Items from a data source
------------
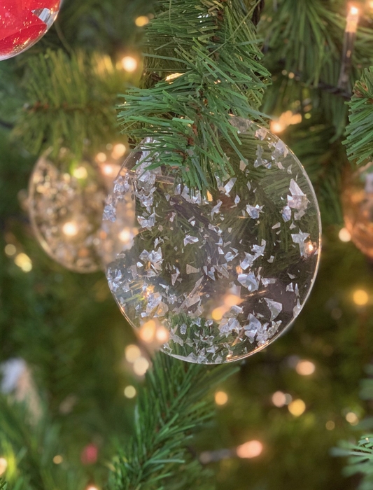 2024年5月に行われた樟葉駅前広場「ハピネスパークKUZUHAグラススクエア」の共用開始セレモニーで使用されたテープキャノン砲のテープを回収。2023年のクリスマス装飾でもコラボレーションしたTOKYO ACRYLとの協業によりテープをアクリル板に封じ込めたオーナメントを作成。銀色がキラキラと控えめな輝きを放つオリジナルアクリル板が完成しました。このオーナメントはクリスマス終了後に回収してワークショップ等で再活用予定です。
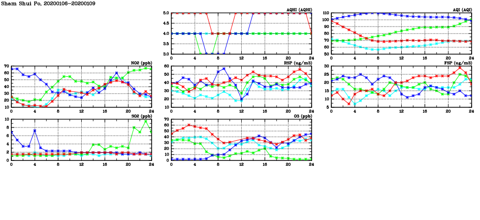 | Air Quality Data Time Series in Sham Shui Po (2020/01/09) | ( Line colors: Day -3 Day -2 Day -1 Current day ) | 2D Map Current AQHI |
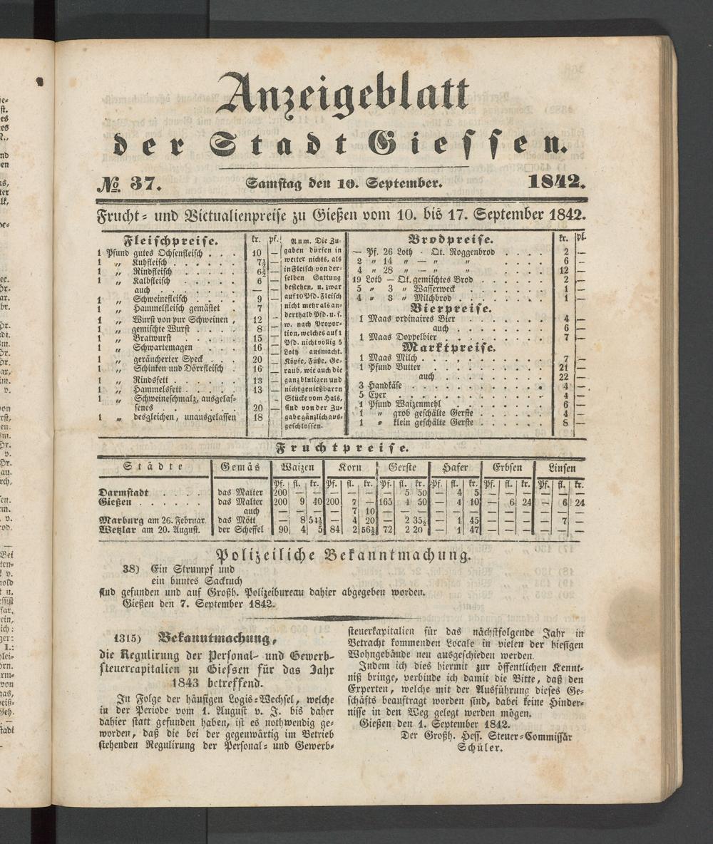 Anzeigeblatt für die Provinzialhauptstadt Gießen. 1840-1867
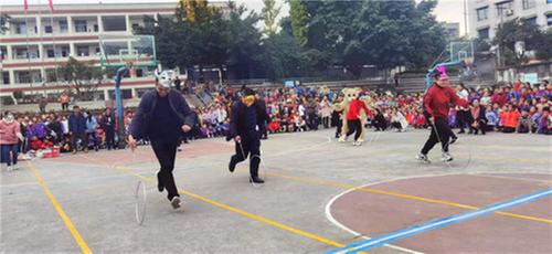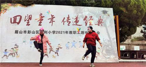 11月18日下午,在眉山市彭山区鹏利小学2021年冬季体质检测达标运动会闭幕式上,鹏利小学教师进行了“回望童年,传递经典”为主题的趣味运动表演。
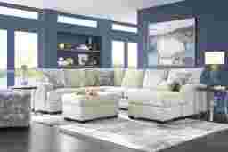 A sleekly designed place for friends and family to relax, the Copley Court sectional living room creates a contemporary and cozy place to sit. Upholstered with plush chenille fabric in a crisp shade of parchment beige, the sectional features tight slip over arms, reversible seat cushions and sumptuous seating perfect for lounging. The storage ottoman flips open to reveal a perfect place to keep linens or books tucked out of the way. Included accent pillows offer a colorful splash of blue, gray and beige. Upholstery: 91% Polyester, 9% Polyurethane. Cleaning Instructions: Use water based cleaning agents or foam. Small accent pillow not included.
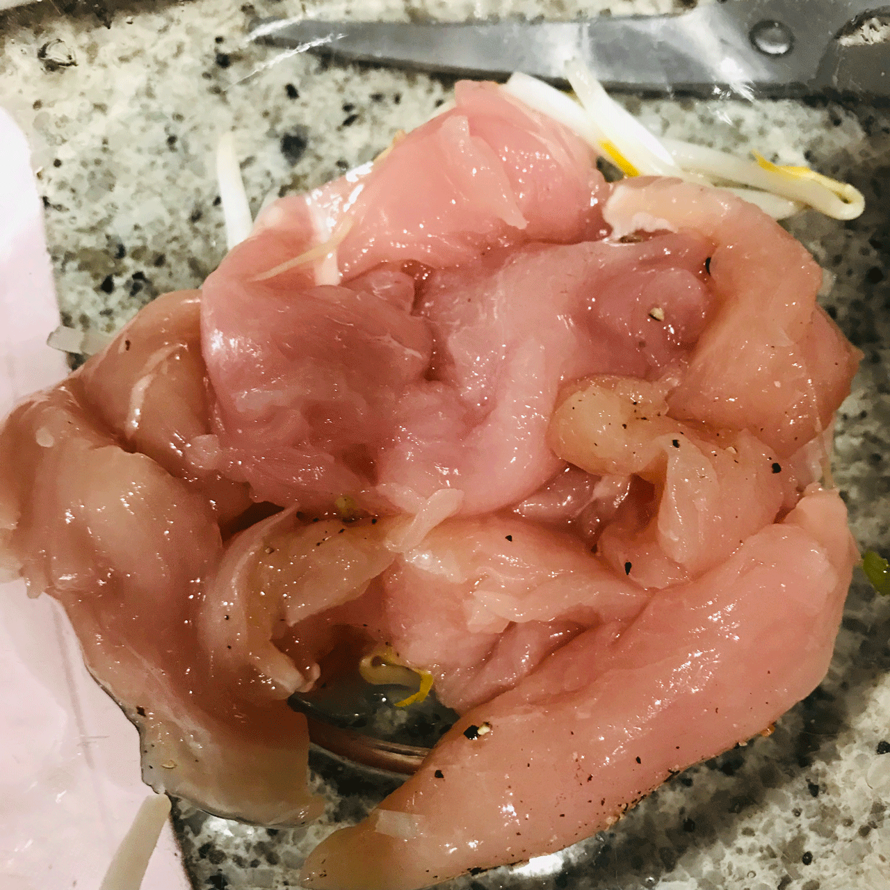②①をラップしたまま冷ます。冷めたらササミをほぐす。この時、赤いところがないかよくみる。
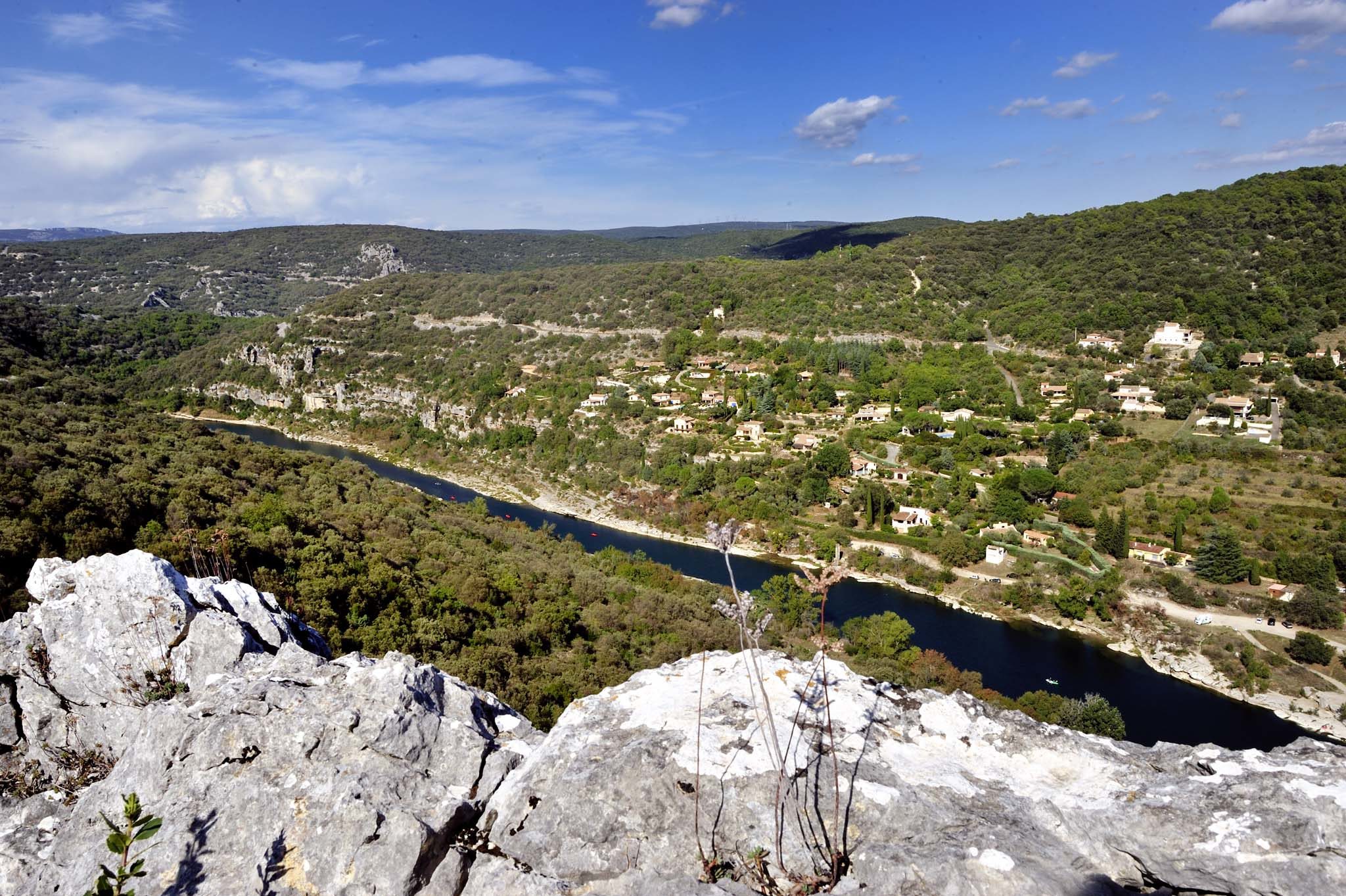 Nous quittons la forêt parfumée du plateau ardéchois pour rejoindre la rivière. Le sentier se fraye un passage entre les chênes verts au pied desquels s’épanouissent les bruissons épineux qui lacèrent les tibias. La caillasse est rugueuse, tranchante.
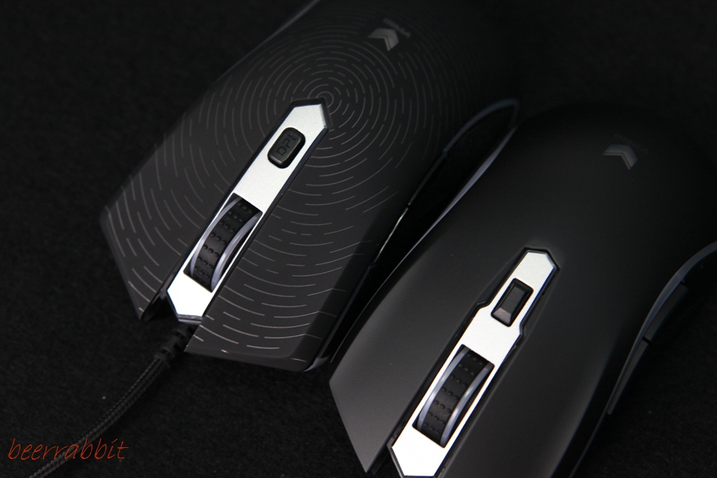 两个鼠标的左右按键都采用了20m微动,键程中等,声音清脆,光学引擎采用PMW3320光学引擎,dpi最高能达7000,满足各种游戏的需求。
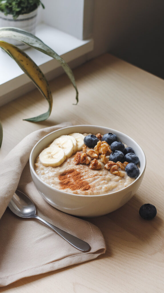 Oats contain soluble fiber, which helps support healthy cholesterol levels by binding to certain fats in digestion. The banana adds natural sweetness so you don’t need syrup, and the nuts give you healthy fats that keep you full longer. The creamy texture makes it feel comforting instead of “diet food.”
------------
** Your task **
Write out exactly, and nothing more than, the lines of the entries above from the line containing "A sleekly designed" through the final line; omit any pictures.

** Your response **
 A sleekly designed place for friends and family to relax, the Copley Court sectional living room creates a contemporary and cozy place to sit. Upholstered with plush chenille fabric in a crisp shade of parchment beige, the sectional features tight slip over arms, reversible seat cushions and sumptuous seating perfect for lounging. The storage ottoman flips open to reveal a perfect place to keep linens or books tucked out of the way. Included accent pillows offer a colorful splash of blue, gray and beige. Upholstery: 91% Polyester, 9% Polyurethane. Cleaning Instructions: Use water based cleaning agents or foam. Small accent pillow not included.
②①をラップしたまま冷ます。冷めたらササミをほぐす。この時、赤いところがないかよくみる。
 Nous quittons la forêt parfumée du plateau ardéchois pour rejoindre la rivière. Le sentier se fraye un passage entre les chênes verts au pied desquels s’épanouissent les bruissons épineux qui lacèrent les tibias. La caillasse est rugueuse, tranchante.
 两个鼠标的左右按键都采用了20m微动,键程中等,声音清脆,光学引擎采用PMW3320光学引擎,dpi最高能达7000,满足各种游戏的需求。
 Oats contain soluble fiber, which helps support healthy cholesterol levels by binding to certain fats in digestion. The banana adds natural sweetness so you don’t need syrup, and the nuts give you healthy fats that keep you full longer. The creamy texture makes it feel comforting instead of “diet food.”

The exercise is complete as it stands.